Horold had found out, of course. All he needed to do was ask his resident seer what his wife had been up to—those busybodies. The brutish-looking man who had left in spring to go campaigning had returned in fall as a thing that walked on its hind legs. Their ensuing battle had been as memorable as any he could ever have fought, with him calling her a whore and her demanding to know what sort of shoats he expected her to farrow. In the end they had stopped fighting without ever making peace. He had known that any harm to her would cause the people to rise in a rebellion that he could suppress only by crippling the city for years to come.
For
tunately Benard had been the one man in the satrapy beyond his reach, a state hostage whose death would rouse the fury of his brother Stralg or, worse, their sister. Horold was terrified of Saltaja. So the unspoken terms had been that there would be no open break, that Benard would not die, and that Ingeld would sleep alone in the future. Horold had not set paw in her bedroom since. Ironically, she knew that she was married to the best of the four sons of Hrag, that none of the others would have been so forgiving.
It had been a very long time since a man lay where Bena lay now.
"Benard Celebre!" she snapped. "You are a fool!" She whirled away, marching across the room in sudden rage. When she turned, he was upright already, feet on the floor, swaying as he peered at her with sleep-sodden eyes.
"Uh? You told me to come here."
"That was before I knew that Horold was going to send you!" She swirled over to the arches, around by the bathtub, back to the door again, robes dancing.
He sat down heavily and mumbled at his toes, "You are not making a huge quantity of sense, my lady."
"Fool! Can't you see the danger?" she shouted, still pacing wildly. "He insulted Cutrath and forbade him to hurt you. He heaped gold on you so the court cheered in wonder. He even sent you to me. Simpleton! Half-wit! Jar-head! You must go. Now!"

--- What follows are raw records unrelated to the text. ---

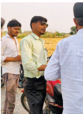
चश्मा लगाए विकास एवं टोपी लगाए लेखपाल।

छुट्टी थी। दोपहर करीब तीन बजे एक किसान के खेत में कम्बाइन हार्वेस्टर फसल काट रही थी। ड्राइवर की लापरवाही के कारण खेत से बाहर निकलते समय हार्वेस्टर हाई-वोल्टेज विद्युत लाइन से टकरा गई। तार आपस में टकराए, भयंकर स्पाकिंग हुई और चिंगारियां खेत में बचे पुआल पर गिर पड़ीं। आग तेजी से भड़क उठी।
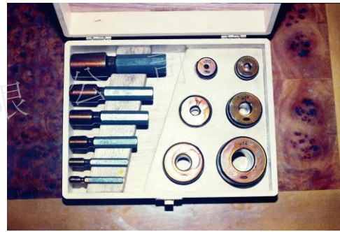
ER. JT. MT. OZ. B...各式斜度規
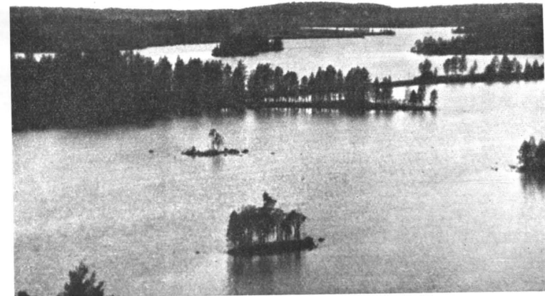
Kuva 9. Tolvajärven harjumaisemaa.

Karjalan rajaseudut, valtion maat, ovat karuja maita. Siellä ei ole monin paikoin maanviljelykselle suuria mahdollisuuksia. Ja missä
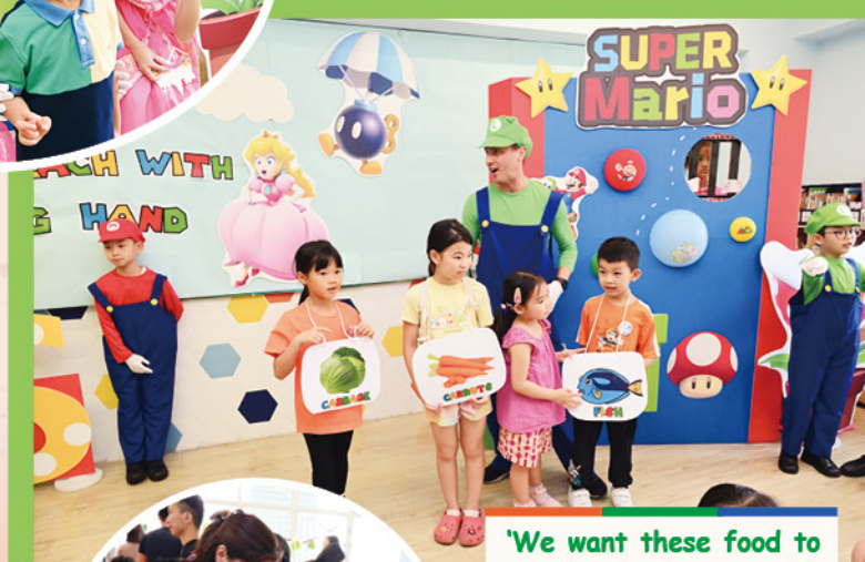
'We want these food to put in the hotpot with Mushroom Kings.'
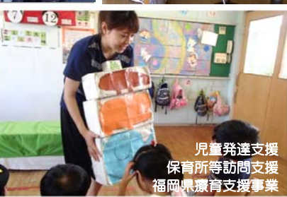
児童発達支援 保育所等訪問支援 福岡県療育支援事業
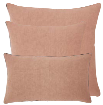
Pêche 939105 / 919306 / 919305
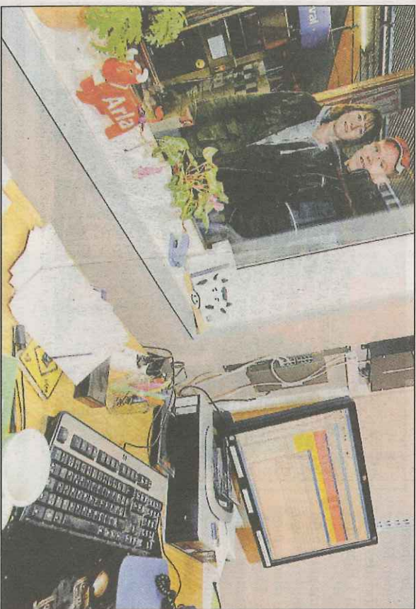
I arbetsrummet mitt i ladugården finns förstås en dator.

Övrabo lantbruk är ett familjeföretag i Ingatorps socken med inriktning på mjölkproduktion. Den kommersiella djurbesättningen består av 75 mjölkkor. Samt 100 ungdjur, kvigor och kalvar. Dessa återfinns i den nya, datoriserade lösdriftsanläggningen. På gården finns även två hästar samt två hundar.
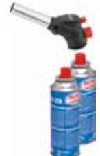
SUPER EGO PACK SOPLETE MULTIFIRE + 2 CARGAS
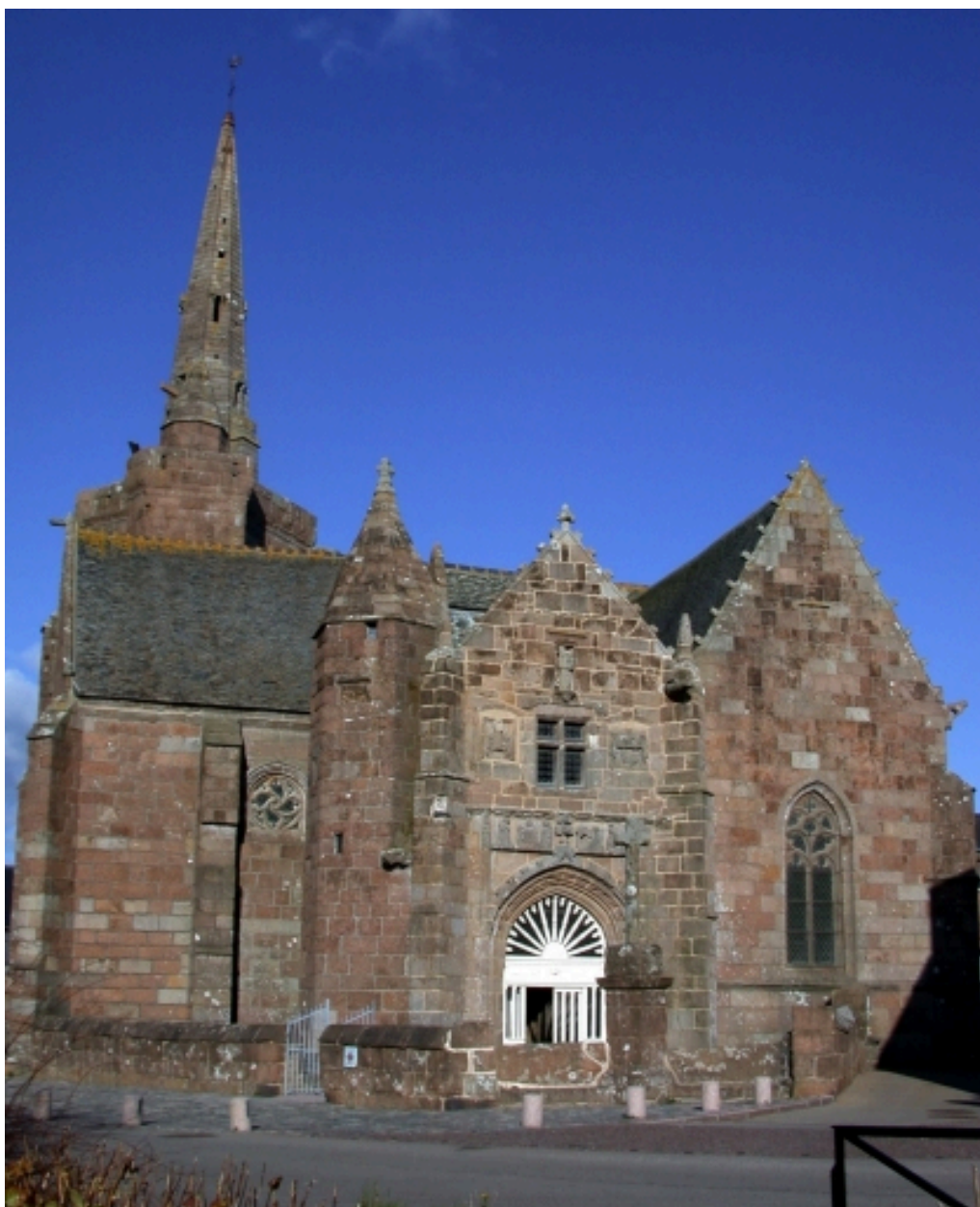
Vue générale (élévation sud)
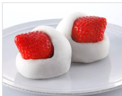
（こしあん・いちご外出し） <税込価格 248 円> 【一部店舗先行発売】 12月1日（木）～
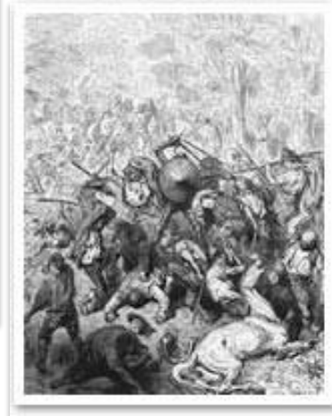
Ілюстрація до «Дон Кіхота» Жана Гранвіля 1848
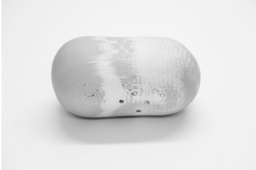
6_Goekhan Erdogan, ohne Titel, 2022,

Drucke, Leim, 12,8 x 25,2 x 14,5 cm, im Besitz des Künstlers
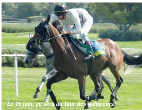
Le 15 juin, ce sera au tour des galopeurs.

Michel Moulin. L'an passé, sur l'ensemble des quatre réunions, nous avons accueilli environ 7 500 personnes. Cela représente une augmentation de la fréquentation de 2,50 %. Celle-
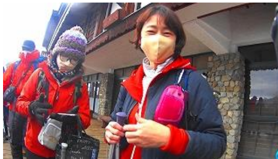
ロープウェイ乗車順番待ち 11:06
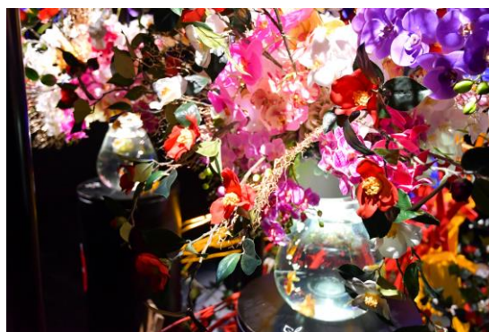
ツバキが彩る“フラワーリウム”
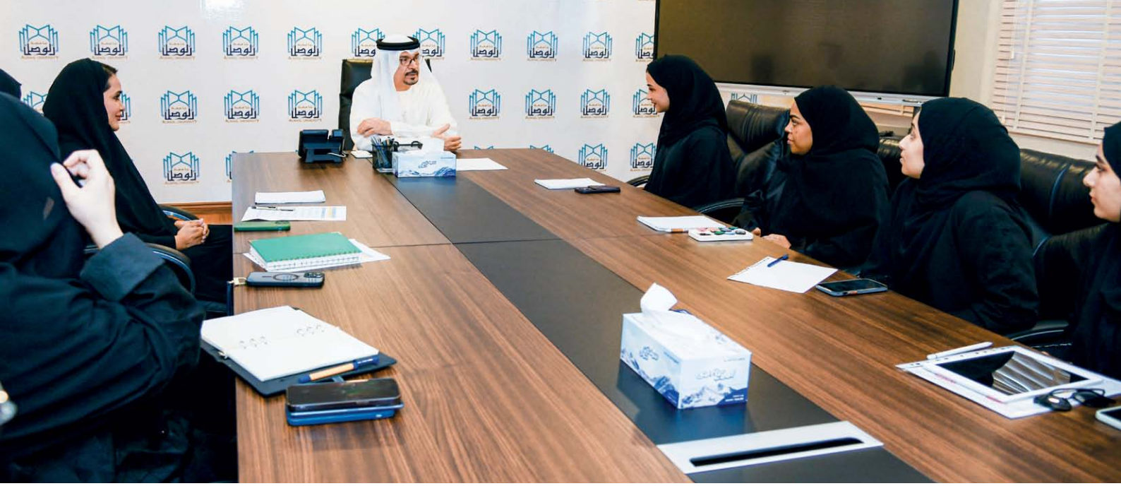
اجتماع سعادة مدير جامعة الوصل مع المجلس الطلابي المنتخب

وأكد سعادته على دور المجلس في تنمية الوعي الوطني، وغرس قيم المجتمع الإماراتي لدى الطلبة، ونشر ثقافة الحياة الجامعية. ودعا إلى الاهتمام بالأنشطة اللاصفية الفنية منها، والثقافية والعلمية، وإقامة الندوات وتنظيم المحاضرات الطلابية، والقيام بالرحلات العلمية والثقافية لمختلف مؤسسات الدولة، والعمل على دعم مواهب الطلبة واكتشافها في مختلف المجالات، لما لها من دور مهم في تنمية شخصية الطالب، وتنمية مهارات الخطابة والكتابة، والتنظيم، ومفهوم العمل الجماعي، والعمل ضمن فريق، وتنمية مهارات المسؤولية وحسن القيادة لدى الطلبة، واكتساب مهارات التواصل، والقدرة على التفكير الناقد وحل المشكلات.
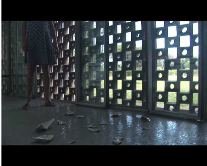
©François Curlet extrait du film La Ricarda, familia Gomis Bertrand
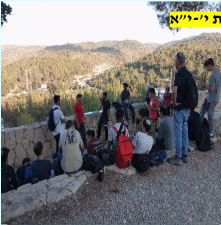
השמיניסטים מעבירים פעילות חינוכית לכיתות י'-י"א
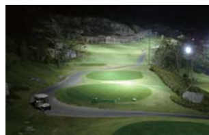
[ 슈퍼 이구아나 카메라 ]
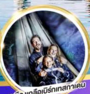
เหมืองเกลือบิรท์เทสกาเดิน
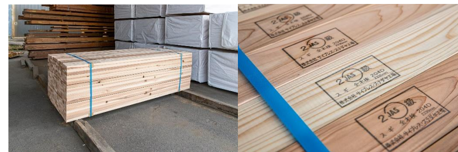
(左)国産杉ディメンション製品
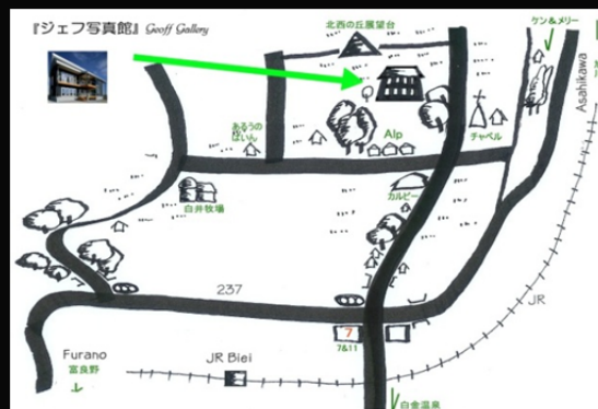
ギャラリー周辺図
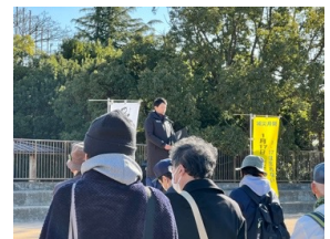
斎藤元彦兵庫県知事のスタート宣言
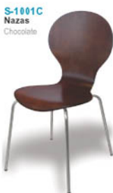
S-1001C Nazas Chocolate

Then she saw how he was looking at her and cursed again. He knew the signs—she was overwrought and flushed from the fire. Pyromancy always left her aroused and vulnerable; her mother had confessed the same. Horold had known, back when he was still human, that a visit right after an augury would not go unrewarded. A long time ago, that! But she was not too old to feel the need, and Benard could read her as easily as he could shape clay. He rose to his feet again and tried to intercept her. "Ingeld—"
"Don't touch me! Can't you see it's a trap, fool? You're a dead man, Benard Celebre, a dead fool. Hurry. Leave before it's too late."
"No, I don't see." His vision was always selective.
"I mean he's shown you favor so he won't be the second most obvious suspect when bits of you turn up in the midden. But that's what he intends to do—disassemble you, claw you to bare bones. Benard, Benard! How could you possibly do anything so unspeakably stupid as to challenge Cutrath and then win? In front of his friends?"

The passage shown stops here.